Business Plan for 2C Warming Scenario
2017 – Exxon Mobil Corporation
RESOLVED: Shareholders request that, beginning in 2018, ExxonMobil publish an annual assessment of the long-term portfolio impacts of technological advances and global climate change policies, at reasonable cost and omitting proprietary information. The assessment can be incorporated into existing reporting and should analyze the impacts on ExxonMobil' s oil and gas reserves and resources under a scenario in which reduction in demand results from carbon restrictions and related rules or commitments adopted by governments consistent with the globally agreed upon 2 degree target. This reporting should assess the resilience of the company's full portfolio of reserves and resources through 2040 and beyond, and address the financial risks associated with such a scenario.
Supporting Statement: It is our intention that this be a supportive but stretching resolution that promotes the longer-term success of the company.
In December 2015, 195 nations reached an agreement at the 21st Conference of the Parties to the UN Framework Convention on Climate Change to limit global average temperature rise to well below 2 degrees Celsius, with a stretch target of 1.5 degrees Celsius (Paris Agreement). The Paris Agreement, which went into effect on November 4, 2016, requires signatories to submit progressively stronger nationally determined contributions every five years with a view to ensuring that the objective to restrict warming to well below 2 degrees is met.
ExxonMobil recognized in its 2015 10-K that "a number of countries have adopted, or are considering adoption of, regulatory frameworks to reduce greenhouse gas emissions," and that such policies, regulations and actions could make its "products more expensive, lengthen project implementation timelines, and reduce demand for hydrocarbons." However, ExxonMobil has not presented any analysis to investors of how its portfolio performs under a 2 degrees scenario. Performing such an analysis is critical to informing a business strategy that meets ExxonMobil's objective of increasing energy access to the world's poorest, without conflicting with the Paris Agreement.
When ExxonMobil sought to exclude this resolution from the proxy statement last year, the SEC advised that "it does not appear that ExxonMobil's public disclosures compare favorably with the guidelines of the proposal."

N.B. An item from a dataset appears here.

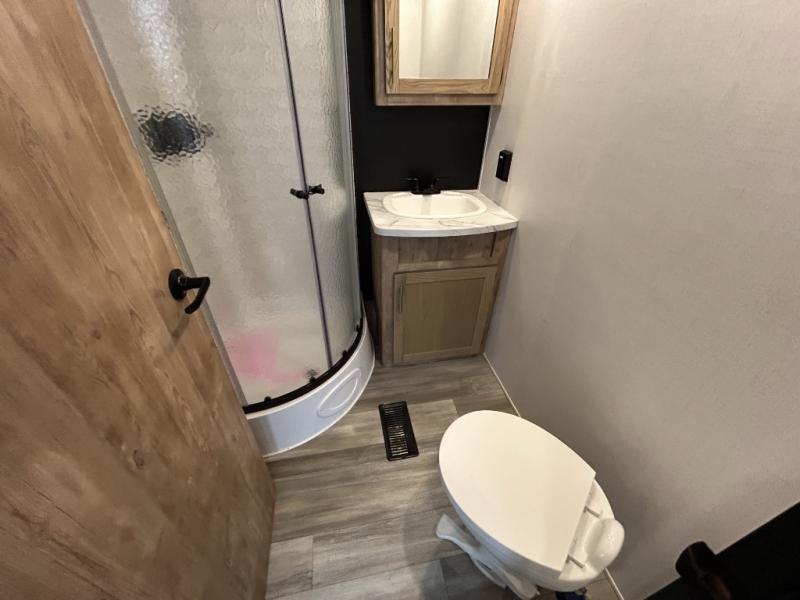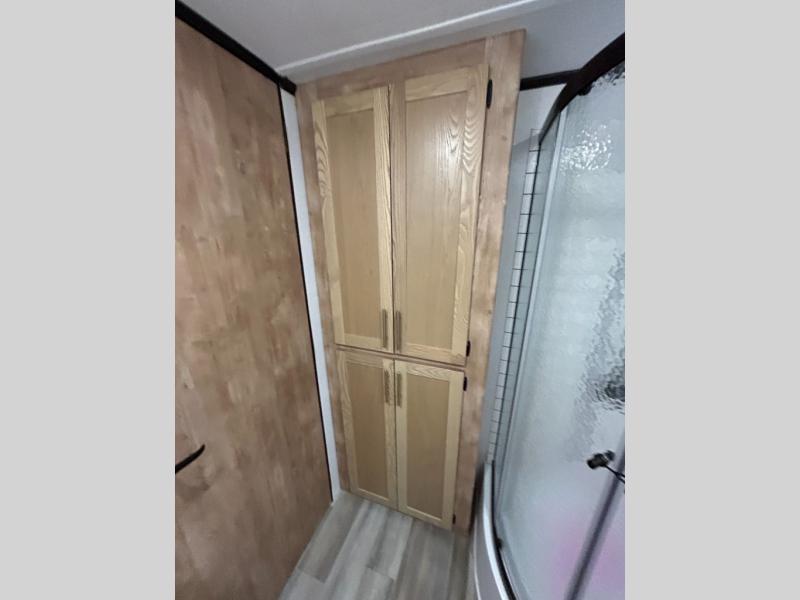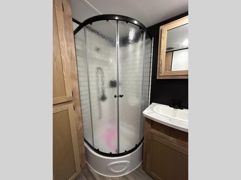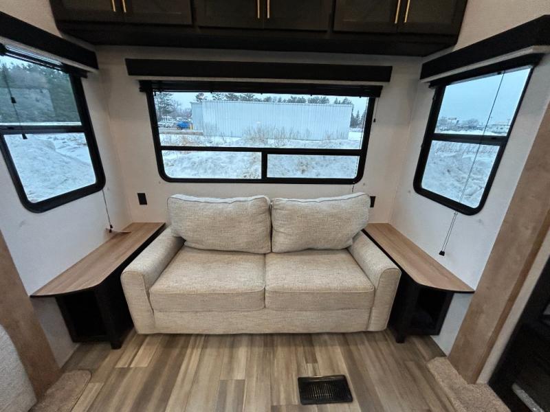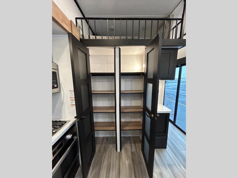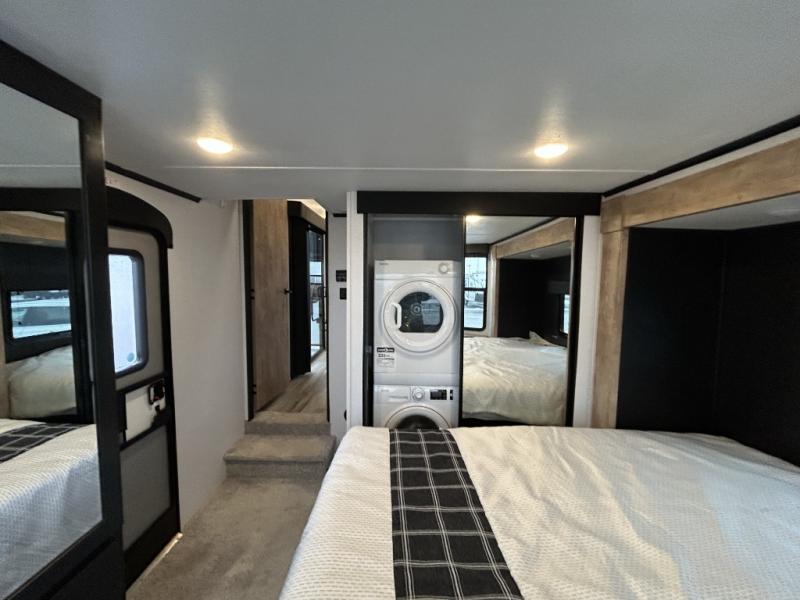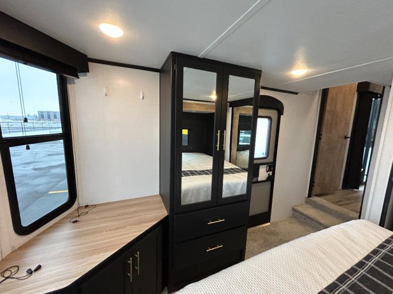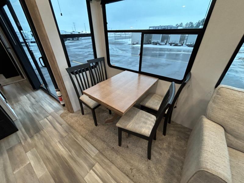 When you decide you have a favorite place to visit, park this Residence in that spot and enjoy your own comfortable accommodations during any season! This triple slide, double loft trailer gives you lots of interior floor space as well as storage and sleeping space for family and friends. There is a loft area above the full bathroom and another loft area above the front bedroom with stairs to easily access both sides, and you will find two bunk mats, a nightstand and a wardrobe. The bedroom offers a king bed slide, an armoire, and a space prepped for a washer/dryer option. The main living and kitchen area provides dual slides, a kitchen island, a double-door pantry for lots of goody storage, and a four-door refrigerator. The fireplace adds to the coziness as you relax on the sofa, the theatre seats and or at the free-standing dinette.

The need for extractive companies to provide disclosure on the resilience of their portfolios to the transition to a low carbon economy is generally established.
ExxonMobil's peers BP, ConocoPhillips, Royal Dutch Shell and Total have endorsed 2 degrees scenario analysis. The Financial Stability Board's Task Force on Climate Related Financial Disclosures has indicated that it favors such analysis. Major asset managers (e.g. BlackRock, State Street Global Advisors) have called for improved climate risk disclosures. In the credit market, Moody's Global Ratings includes low demand scenarios in its ratings analysis of companies in high risk sectors such as the energy industry.
This resolution aims to ensure that ExxonMobil fully evaluates and discloses to investors risks to the viability of its assets as a result of the transition to a low carbon economy, including a 2 degrees scenario, in line with sector good practice.